DATA SEGMENT —
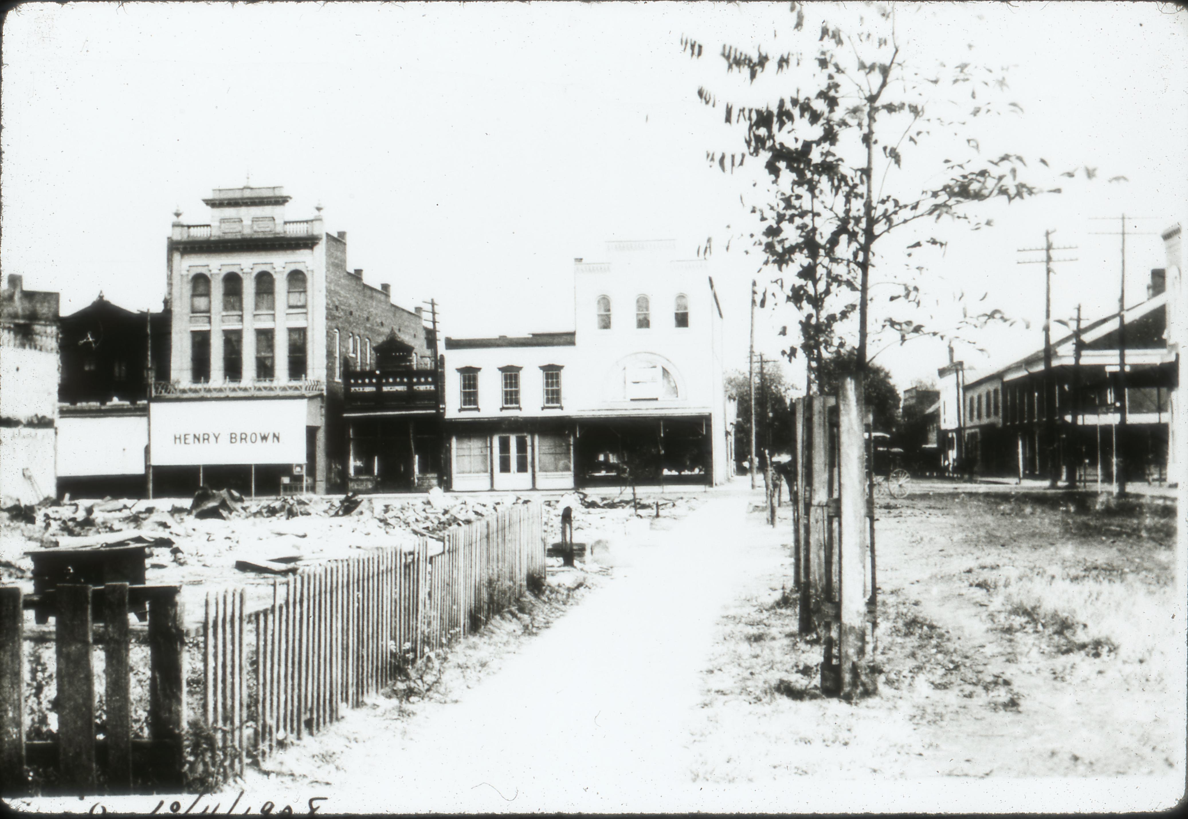 Streets Collection: Tavern Street. Historic Photo. This is a photo which was taken nearly 2 months after the August 17th fire that destroyed the Monitor Saloon, and several other buildings including a pharmacy, ice cream parlor, a butcher shop, Lyric Theatorium, a hardware store, New Harmony banking Co., and several residences. The fire occurred at the corner of Tavern Street and Main Street. From right to left the buildings still standing in the photo are: Harness and Express, Lichtenberger Furniture and China shop and third floor Masonic Hall, Lichtenberger Dry Goods and B & S, a saloon, Henry Brown clothing store and Knights of Pythias Hall on second floor, Grocery store and Hand Printing Shop on the second floor. Far left The burned out remnant of H. D. Long Bakery and Butcher Shop.
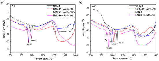 (a) The DTA results of Er123 powder with different dopants; (b) The DTA results of Er123 and Gd123 powder with and without Ag doping.
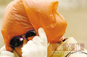 昨日10時,一位路人頭罩塑料袋遮蔽突如其來的風沙。實習生 李強 攝

WORK TO COMPLETE — Copy out the lines exactly as written, beginning with the one that contains "(a) The DTA" and ending with the last line of the material; do not include pictures.

FINISHED TASK —
 (a) The DTA results of Er123 powder with different dopants; (b) The DTA results of Er123 and Gd123 powder with and without Ag doping.
 昨日10時,一位路人頭罩塑料袋遮蔽突如其來的風沙。實習生 李強 攝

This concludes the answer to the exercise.